Стэлле, наверное, было непонятно, но она не переспросила. — Когда командира ранило, Фрол сам привел катер в базу, — похвастался я другом. — Не-ет! Сам? Вдали послышался гул. — Я должна поезд отправить, — спохватилась девочка. — Прокатиться хотите? Я призадумался: подобает ли нам, нахимовцам, кататься в детском поезде? Но мне до смерти захотелось. Фрол мигом разрешил все сомнения. — Желаем, — ответил он без раздумья. — А можно? — Конечно, можно! Сверкающий медью паровоз, пыхтя, остановился у платформы.

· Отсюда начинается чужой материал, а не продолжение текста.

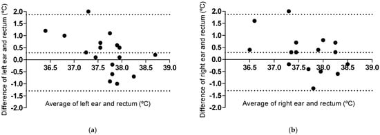 To assess the agreement between tympanic and rectal temperatures, Bland–Altman analyses and plots were used. Bland–Altman analyses can be used to calculate the agreement between two methods (in this case, ear temperature minus rectal temperature), and the difference between the methods is plotted against the average of both methods []. Results are presented as mean bias ± SD and the 95% limits of agreement. Joint Bland–Altman analyses and plots were applied to the non-clinical sample with the two starting groups pooled, but for the right and left ear separately. In the clinical sample, all three temperature groups were analyzed together as well as separately. Potential proportional bias in the non-clinical sample was evaluated by visual inspection of the joint Bland–Altman plots, and Pearson correlation analyses were conducted on the difference versus the average of the two methods to analyze the relationships []. A joint Bland–Altman plot for all three temperature groups pooled in the clinical sample was created for the evaluation of potential proportional bias, and the difference versus the average was analyzed by Pearson correlation analysis. The threshold for statistical significance was set to p < 0.05 in all analyses in the study.

Машинисту в форменной фуражке было лет двенадцать, не больше. — Садитесь! Нас не пришлось просить во второй раз. Мы мигом уселись в открытый вагончик. — Я буду вас ждать! — закричала Стэлла и взмахнула флажком. Паровоз свистнул, и поезд тронулся в путь.
— Смешная... — сказал Фрол. — Смотри ты, девчонка, а туда же... начальник станции! Мелькали деревья, пруды, в которых плескались утки. Поезд проскочил коридор из зеленых веток, вылетел на поляну, по которой бродил олень, потом очутился в тоннеле, и нас обдало в темноте теплым дымом. Вдруг в глаза нам ударил свет, и мы увидели, что мчимся по берегу бурливой Куры, которую медленно переплывает паром. Паровоз свистел, вагончики трясло и качало. Поезд снова нырнул в зеленую чашу, прогрохотал через мостик, повисший над ручьем, мимо скал, покрытых пестрым мхом, и резко затормозил, остановившись у той самой станции, с которой отправился. Стэлла ждала нас на платформе. Теперь она была без красной фуражки и ее черные косы висели до пояса. — Куда мы пойдем? — спросила она. — В цирк? В зоопарк? На фуникулер? — На фуникулер, но сначала зайдем за Антониной, — предложил я. — Это дочка художника? — Нет, его внучка. Мы пошли по аллее. За нами шли любопытные. Стэлла болтала без умолку. Возле киоска с пирожками она спросила: — Вы есть хотите? — Не хотим, мы уже рубали, — ответил Фрол. — Не-ет, почему ты так странно говоришь? — удивилась Стэлла. — Раньше сказал «будь спок», а теперь — «рубали». Я тоже один раз пришла в школу и сказала учительнице: «Вот я и притопала». Она рассердилась и спросила, знаю ли я, что такое настоящий русский язык, и читала ли я Пушкина. И правда, ведь Пушкин никогда бы не написал таких слов. У него все слова как музыка, правда?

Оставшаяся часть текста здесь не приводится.